Recap Rome: Season 1, Episode 2 - How Titus Pullo Brought Down the Republic

This second episode is based on events that took place in 50 BC and 49 BC. Caesar's proconsulship in Gaul is about to expire, which would mean a loss of the office's immunity against prosecution by his political enemies. He had faced the same situation five years prior, but at that time his command had been extended with the help of his allies Pompey and Marcus Crassus. This time Caesar cannot count on his former allies, as Pompey has openly turned against him, and Crassus was killed in 53 BC. Caesar instead has to rely on Mark Antony for his political maneuvering: newly elected to the office of Tribune of the People (tribunus plebis), Mark Antony has veto power in the Roman Senate.

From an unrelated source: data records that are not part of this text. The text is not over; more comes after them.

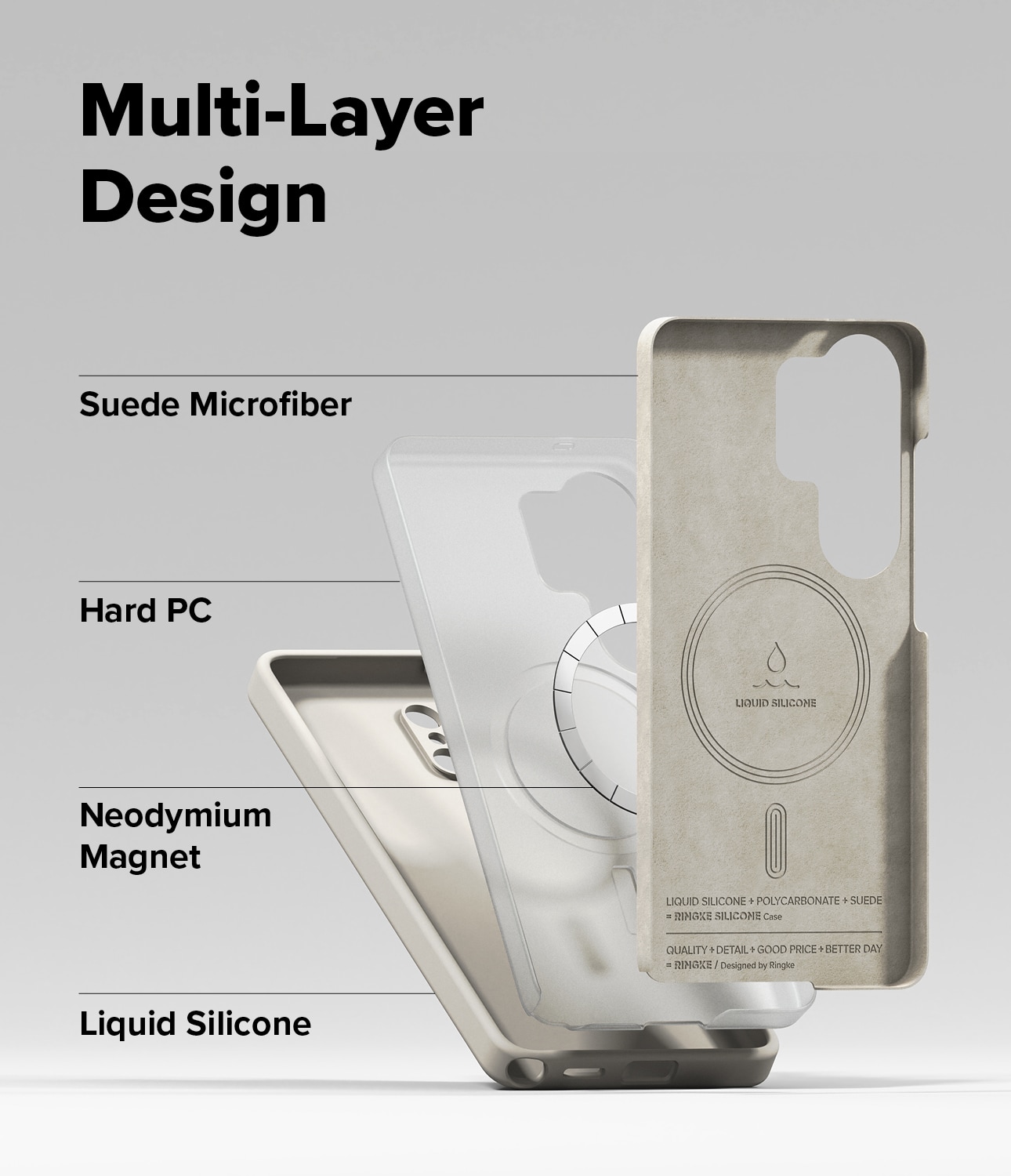 Det är tillverkat i tre lager för bästa skydd: utsida i slitstarkt och greppvänligt silikon, en kärna av hårdplast som skyddar mot stötar och fall, insida i mikrofiber som skyddar mot repor.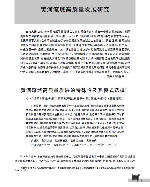 《新华文摘》2020年第7期全文转载永利官网任保平教授文章“黄河流域高质量发展的特殊性及其模式选择”,同时作为封面文章加以推荐。该文发表于《人文杂志》2020年第1期。 2019年9月18...
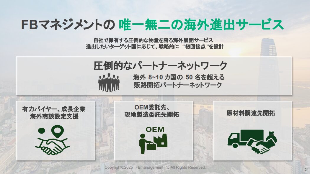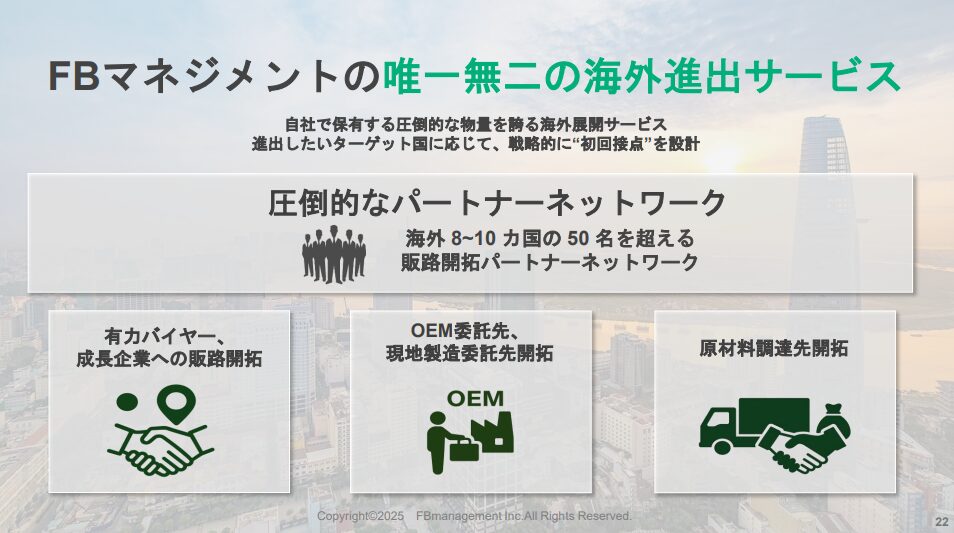 海外、特にASEAN諸国でネットワークを構築しており、タイ、ベトナム、カンボジア、インドネシアなどの現地各国で実業展開している起業家をカントリーパートナーとして契約させていただき、最新の情報、上質なネットワークを地方有力企業様に提供できるのが大きな強みになっています。

Meanwhile, Lucius Vorenus, now a first spear centurion (centurio primi pili), and Pullo return to Rome. After dropping off Gaius Octavian, Vorenus returns to his wife, whom he hasn't seen in eight years since he left for Gaul, only to find her holding a fairly new baby in her arms. When Vorenus asks her whose child it is, she tells him it is his grandson by his eldest daughter who has just newly turned 14. Meanwhile, Pullo returns to prostitution and gambling. He's already lost most of his money in a gambling den full of Pompey's supporters when he discovers that he is being cheated by one of his opponents. He stabs the man through the throat, but is injured in the fight that breaks out. Pullo manages to drag himself to Vorenus's home, where he receives trepanation (courtesy of Vorenus) from a Greek doctor.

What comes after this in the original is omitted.